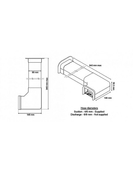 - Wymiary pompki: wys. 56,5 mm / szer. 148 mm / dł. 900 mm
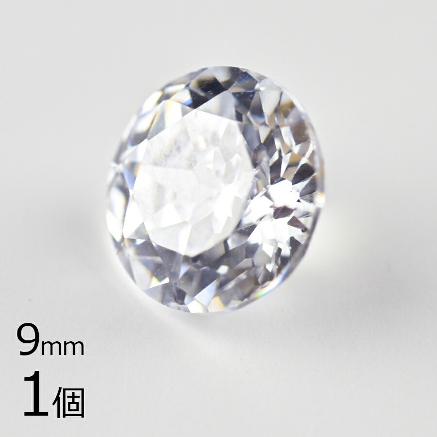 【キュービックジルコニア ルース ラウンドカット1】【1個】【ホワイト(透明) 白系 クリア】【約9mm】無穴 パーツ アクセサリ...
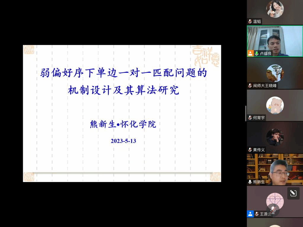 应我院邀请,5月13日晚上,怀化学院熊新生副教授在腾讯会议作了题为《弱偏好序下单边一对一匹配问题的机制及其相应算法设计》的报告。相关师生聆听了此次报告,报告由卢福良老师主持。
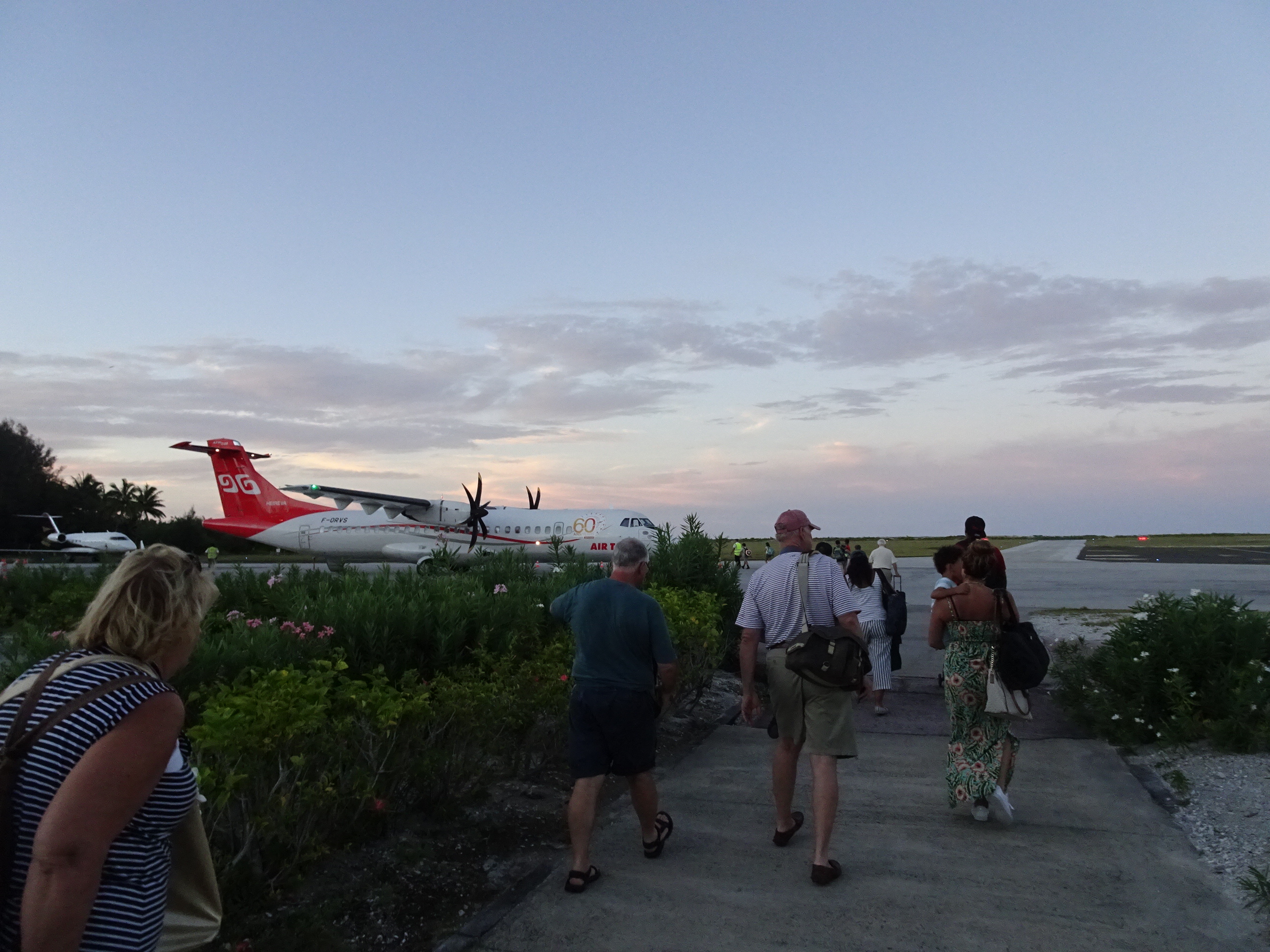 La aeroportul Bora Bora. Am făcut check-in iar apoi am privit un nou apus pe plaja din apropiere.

WORK INSTRUCTION:
Write out the material above once more, word for word. Images stay out.

EXERCISE RESULT:
 - Wymiary pompki: wys. 56,5 mm / szer. 148 mm / dł. 900 mm
 【キュービックジルコニア ルース ラウンドカット1】【1個】【ホワイト(透明) 白系 クリア】【約9mm】無穴 パーツ アクセサリ...
 应我院邀请,5月13日晚上,怀化学院熊新生副教授在腾讯会议作了题为《弱偏好序下单边一对一匹配问题的机制及其相应算法设计》的报告。相关师生聆听了此次报告,报告由卢福良老师主持。
 La aeroportul Bora Bora. Am făcut check-in iar apoi am privit un nou apus pe plaja din apropiere.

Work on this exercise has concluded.